More than 100 million materials can be used with Adobe Stock, but a process called “search” is required for use. For this reason, it is necessary to tag search keywords with the image that will be the material. And in order to perform such “automatic tagging”, it is necessary to understand the concept of over 40,000 software.
For example, when you uploaded a photo showing a baseball glove, bat, or ball, “baseball: 98.74%”, “ball: 86.87%”, “globe: 79.12%”, etc. were displayed immediately under “Tagging”. In addition, it understands advanced 'concepts' other than objects such as sports, play, summer, and team, and shows that tagging is performed.
In addition, in the analysis of “Aesthetic”, element balance, color harmony, content, depth of field, light, trisection
Adobe Stock uses these analysis results. When you search for tulips in actual Adobe Stock, the search results will be displayed like this ...
It is possible to search with more detailed conditions. From the panel, you can select the orientation of the image, depth of field, saturation, and whether to include people.
If you specify the depth of field and arrange only the more blurred images in the search results, it looks like this. Without machine learning, this technology could not be realized.
Even sunset photos ...
You can specify finer colors such as those with more vivid colors or softer colors.
Furthermore, when you want to use an image of a person using a textbook as a material, search for “classroom” or “teacher”. However, these can be used as images, but they are difficult to use as material due to their small margins.
Then, when searching using 'Copy Space', images with margins for entering text are displayed in the search results. Adobe Sensei makes it possible to understand 'what an image with space for text is' through 'supervised learning' training that labels and learns data.
In addition, various similarities can be recognized when searching for similar images. Even if you say “similarity” in a word, the similarity of composition is important for some people, and the similarity of color is important. For example, if you search for images of gazelle based on 'color similarity', it looks like this.

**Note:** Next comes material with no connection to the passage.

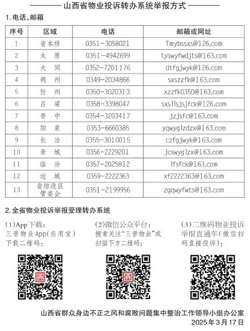 近日,省集中整治辦聚焦“整治物業(yè)服務(wù)不履約不到位、侵占業(yè)主利益等問題并建立完善物業(yè)企業(yè)退出機(jī)制”實(shí)事項(xiàng)目,推動(dòng)省住建廳打造了“山西省智慧物業(yè)管理服務(wù)平臺(tái)暨全省物業(yè)投訴轉(zhuǎn)辦系統(tǒng)”,實(shí)現(xiàn)線上投訴、一鍵受理、銷號(hào)審核和督辦匯總等功能,省市縣三級(jí)一體化運(yùn)行,該系統(tǒng)已正式上線運(yùn)行。為廣泛聽取群眾意見,全面受理群眾投訴,接受群眾監(jiān)督,現(xiàn)將全省各地電話、郵箱、“三晉物業(yè)”二維碼等物業(yè)投訴舉報(bào)渠道向社會(huì)公布如圖。

If you choose compositional similarity, the colors will vary, but you will see a series of images with one gazelle in the middle of the screen.
Furthermore, the subject can be changed from gazelle to “deer” with the same composition.
It's a little confusing, but the screens behind Prevost and Carrieka have pictures of bright yellow and light blue houses.
It is possible to extract only the color from here and find a sunset image of the same color with the keyword “ocean sunset”. In this way, powerful image search is possible with various similarities.
In addition, when you want an image of a tent, you can specify the composition in detail. If you adjust the size and position of the tent in the space on the left side of the screen, the image will appear in the search results. For example, the image below specifies an image with a slightly smaller tent in the lower right corner of the screen.
If you want an image with a tent in the lower left of the screen, just drag and drop it.
You can also change the size of the tent that occupies the screen. In real time, it is possible to narrow down the image by specifying the details.
As mentioned above, Adobe Sensei is used in many Adobe products, but there is an approach of both product team and applied research team on how to use Adobe Sensei. Both staff members have ideas based on their knowledge. Prevost said that creating a solid framework for the company creates a place where everyone can collaborate, allowing the technology cycle to run well from development to release.